4. Records Retention and Disposal

  4.1 An individual's personal information will be retained for at least one year after use. Thereafter the personal information will be disposed of in accordance with the university’s authorized records retention schedules. 

  4.2 Care will be taken in the disposal or destruction of personal information to prevent unauthorized access to the information.

When records are destroyed or deleted, all reasonable steps will be taken to ensure the information cannot be retrieved.

Responsibilities:

The Principal and Vice-Chancellor is the Executive Head of the university and has the authority and responsibility for decision-making under FIPPA. 

The Office of the University Secretariat and Legal Counsel has operational responsibility for this policy and appoints a Chief Privacy Officer for the purposes of implementation.

The Chief Privacy Officer will:

  • ensure the university responds to formal access to information requests in a timely fashion;
  • develop procedures and guidelines and other user-friendly tools to support implementation by university departments and units;
  • provide training and advisory services to employees of university departments and units so that the policy and procedures are understood and applied;
  • maintain a network of contacts across university departments and units for the purpose of information-sharing, feedback, and continuous program improvement;
  • notify the Information Security Officer within the Office of the Chief Information Officer of any privacy breach that breaches the university’s information security policies and procedures in order to ensure appropriate investigative measures can be taken; and
  • require the appropriate Information Steward and/or Information Custodian to conduct a privacy impact assessment where, in the opinion of the Chief Privacy Officer, the collection and/or use of records containing personal information poses a potential risk to the protection of privacy.

The Information Security Officer will:

  • report privacy breaches to the Chief Privacy Officer if the breach is a result of a breach of information security controls.

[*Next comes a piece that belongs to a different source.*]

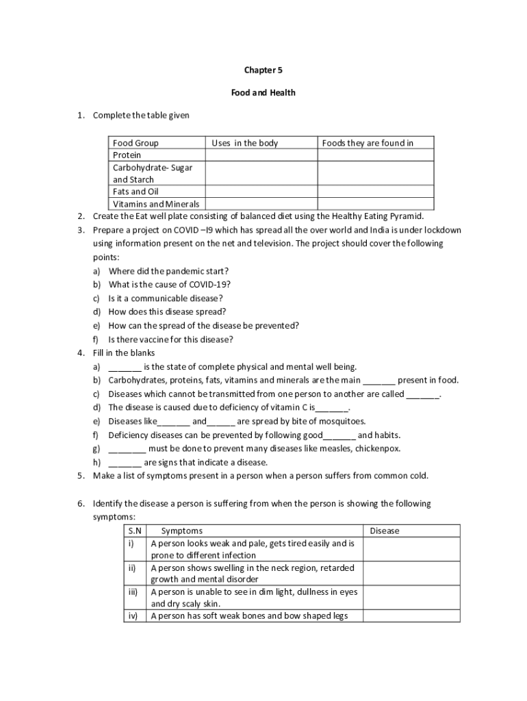 Chapter 5 Food and Health 1. Complete the table given2. 3.4.5. Food Group Uses in the body Foods they are found in Protein Carbohydrate Sugar and Starch Fats and Oil Vitamins and Minerals Create the
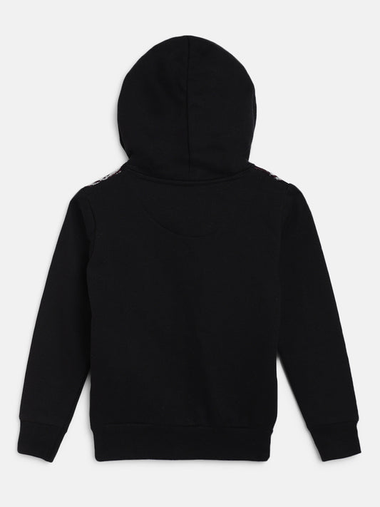 Girls Black Poly-Cotton Embroidery Sweatshirt

All Information Stewards will:

  • report privacy breaches to the Chief Privacy Officer as soon as possible; and
  • conduct a privacy impact assessment as directed by the Chief Privacy Officer.

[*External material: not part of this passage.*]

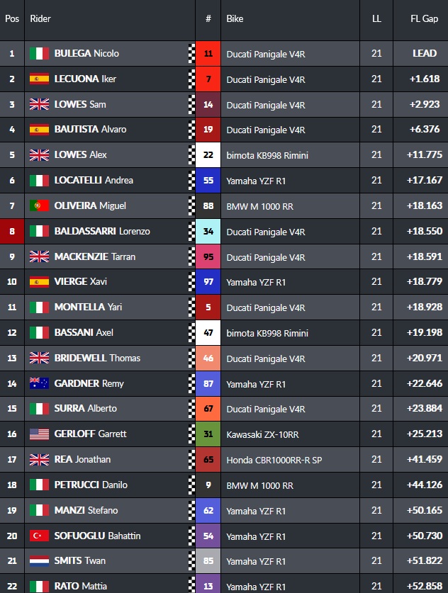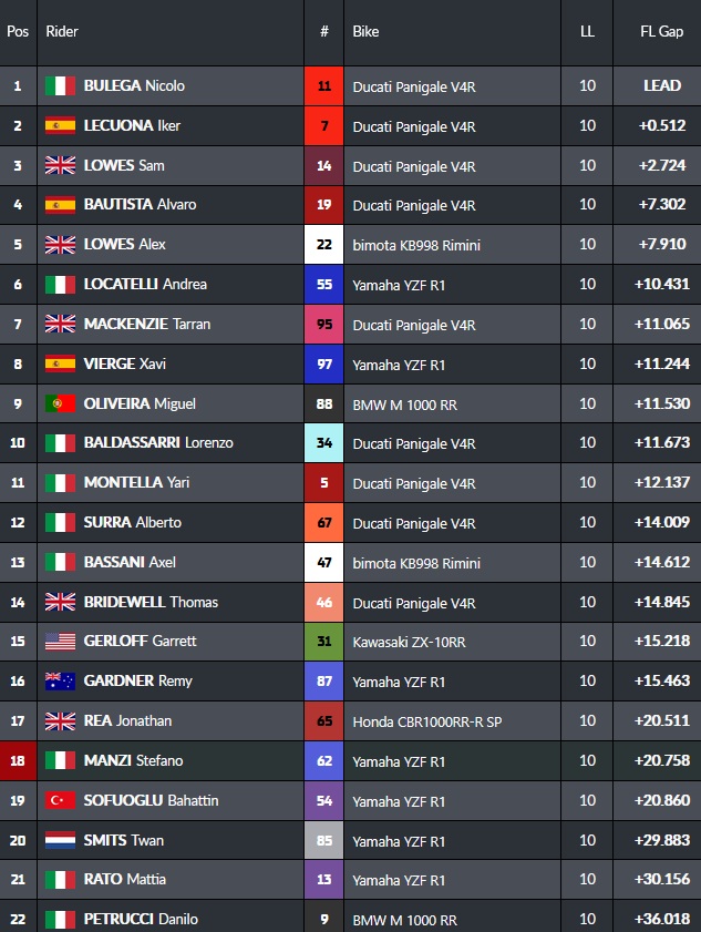 C’est la 7ème victoire sur 7 courses cette saison pour Bulega et la 11ème consécutive, il se rapproche des records de Toprak :

All Information Custodians and Unit Heads will:

  • report privacy breaches to the Chief Privacy Officer as soon as possible;
  • conduct a privacy impact assessment as directed by the Chief Privacy Officer;
  • ensure employees in their department or unit are aware of this policy and are appropriately trained; and
  • ensure all other individuals to whom the policy applies who are engaged by, or work with, their department or unit are aware of this policy and are appropriately trained.

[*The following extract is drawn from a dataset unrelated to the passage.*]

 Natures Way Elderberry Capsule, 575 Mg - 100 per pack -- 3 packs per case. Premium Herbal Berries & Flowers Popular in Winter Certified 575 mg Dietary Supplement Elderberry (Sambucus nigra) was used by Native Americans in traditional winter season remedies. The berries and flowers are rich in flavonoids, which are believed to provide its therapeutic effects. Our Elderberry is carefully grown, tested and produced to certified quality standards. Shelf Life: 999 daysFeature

All university employees (including faculty, staff, and students employed by Queen’s), as well as members of the Board of Trustees, volunteers, service providers and agents, and individuals who collect, use, disclose, or otherwise handle records and information under the custody or in the control of Queen’s University will:

  • ensure that general and personal information is handled according to this policy and in compliance with the Queen’s University data classification scheme;
  • consult, as needed, the Chief Privacy Officer about the disclosure of confidential and personal information;
  • cooperate with the Chief Privacy Officer, when required, in fulfilling formal requests for access to information;
  • comply with this policy and any procedures issued in accordance with it.

 

Contact Officer: Chief Privacy Officer

Date for Next Review: 2022/07/01

Related Policies, Procedures and Guidelines:

Records Management Policy

Policy on the Handling of Personal Health Information

Records Management and Privacy Office website

Electronic Information Security Policy Framework

Policies Superseded by This Policy: None.